Notice how neatly this handles the classic embedded AI problem. The concurrency model lets you poll hardware safely on separate execution threads without blocking the main loop, while the native ruleset watches the critical state variables and takes action within milliseconds if a threshold is breached—guaranteeing deterministic safety constraints before DANI can do any structural damage to the house.

Where Skink-lang Goes From Here

Currently, the compiler is bootstrapped in Go, using an LLVM backend to output highly optimized native machine binaries targeting both Linux and Windows corporate environments. Because there is no heavy runtime or garbage collector, a compiled Skink binary running an active inference loop can comfortably squeeze inside less than $128\text{ KB}$ of RAM.

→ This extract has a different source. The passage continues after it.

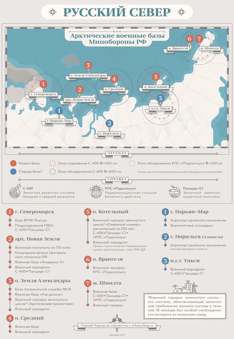 Россия давно осваивает Арктику, в том числе и военным присутствием. Это делается как для охраны северных рубежей страны, так и для обеспечения безопасности промышленной разработки ресурсов на побережье и шельфе северных морей.

But this is just the beginning. The roadmap ahead includes:

  • Direct Single Board Computer HAL: Expanding the standard library to map hardware registers and pins natively (such as on the Raspberry Pi 5) with zero external C-bindings.
  • Self-Hosting: Rewriting the Skink compiler entirely in Skink itself, proving the language's capabilities to handle massive, complex systems-level software natively.

Cullen the Skink
Cullen Skink

I’m incredibly excited about what this language makes possible. DANI is already running much cooler, much faster, and with a significantly lower skirting-board collision rate.

It is time to stop fighting the plumbing.

Let's get skinking!

Let me know your thoughts on the syntax, and what features you'd like to see added to the compiler next!